Certain leases include one or more options to extend or terminate and are primarily in five-year increments. Lease extensions and terminations, including auto-renewing lease terms, were only included in the calculation of the right-of-use asset to the extent that the right to renew or terminate was at the option of the lessor only or where there was a more than insignificant penalty for termination.

As our leases do not have a readily determinable implicit rate, we estimated our incremental borrowing rate to determine the net present value of the lease payments at the commencement date. Our incremental borrowing rate was estimated

based on the rate we would have obtained if we had borrowed collateralized debt over the lease term to purchase the asset.

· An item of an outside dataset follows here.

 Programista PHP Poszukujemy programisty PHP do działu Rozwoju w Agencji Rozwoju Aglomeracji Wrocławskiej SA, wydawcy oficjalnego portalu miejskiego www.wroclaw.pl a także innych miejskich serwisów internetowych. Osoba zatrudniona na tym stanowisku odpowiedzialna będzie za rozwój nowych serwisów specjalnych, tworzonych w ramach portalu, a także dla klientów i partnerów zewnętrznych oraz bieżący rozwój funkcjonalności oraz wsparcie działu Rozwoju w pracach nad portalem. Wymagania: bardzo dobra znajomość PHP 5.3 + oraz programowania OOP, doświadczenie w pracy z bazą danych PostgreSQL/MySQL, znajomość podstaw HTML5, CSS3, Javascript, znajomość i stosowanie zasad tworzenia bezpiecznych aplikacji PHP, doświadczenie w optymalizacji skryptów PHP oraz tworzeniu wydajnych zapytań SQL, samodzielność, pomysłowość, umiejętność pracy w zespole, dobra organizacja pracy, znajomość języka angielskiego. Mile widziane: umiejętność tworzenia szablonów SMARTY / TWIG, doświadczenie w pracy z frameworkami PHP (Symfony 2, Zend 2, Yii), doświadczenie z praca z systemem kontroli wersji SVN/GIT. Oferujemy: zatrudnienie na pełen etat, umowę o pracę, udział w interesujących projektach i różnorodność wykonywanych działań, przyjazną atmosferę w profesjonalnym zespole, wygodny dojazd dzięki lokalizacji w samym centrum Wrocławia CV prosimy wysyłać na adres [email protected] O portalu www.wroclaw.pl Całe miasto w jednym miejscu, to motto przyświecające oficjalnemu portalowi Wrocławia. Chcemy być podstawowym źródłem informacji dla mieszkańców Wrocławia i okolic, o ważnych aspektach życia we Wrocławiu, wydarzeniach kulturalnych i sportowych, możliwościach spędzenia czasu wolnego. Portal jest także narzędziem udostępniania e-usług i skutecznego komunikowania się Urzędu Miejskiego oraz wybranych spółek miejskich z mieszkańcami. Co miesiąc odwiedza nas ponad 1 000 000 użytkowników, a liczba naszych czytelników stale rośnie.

We have also adopted the practical expedient which allows us, by class of asset, to not separate lease and non-lease components when we are the lessor in the underlying transaction, the transactions would otherwise be accounted for under ASC 606–Revenue Recognition and the non-lease components are the predominant components of the agreements. We have applied this practical expedient to transactions with cruise passengers and concession service providers related to the use of our ships. We refer you to Note 3 – “Revenue and Expense from Contracts with Customers.”

Impact of COVID-19

In April 2020, the FASB issued interpretive guidance relating to the accounting for lease concessions provided as a result of COVID-19. In this guidance, entities can elect not to apply lease modification accounting with respect to such lease concessions and instead, treat the concession as if it was a part of the existing contract. The Company has elected to not evaluate leases under the lease modification accounting framework for concessions that result from effects of the COVID-19 pandemic. In relation to our rights to use port facilities, we have elected the approach consistent with resolving a contingency, which allows us to remeasure the lease liability and recognize the amount of change in the lease liability as an adjustment to the carrying amount of the associated right-of-use asset. During the contingency period, we recognized lease expense for these port facilities as incurred.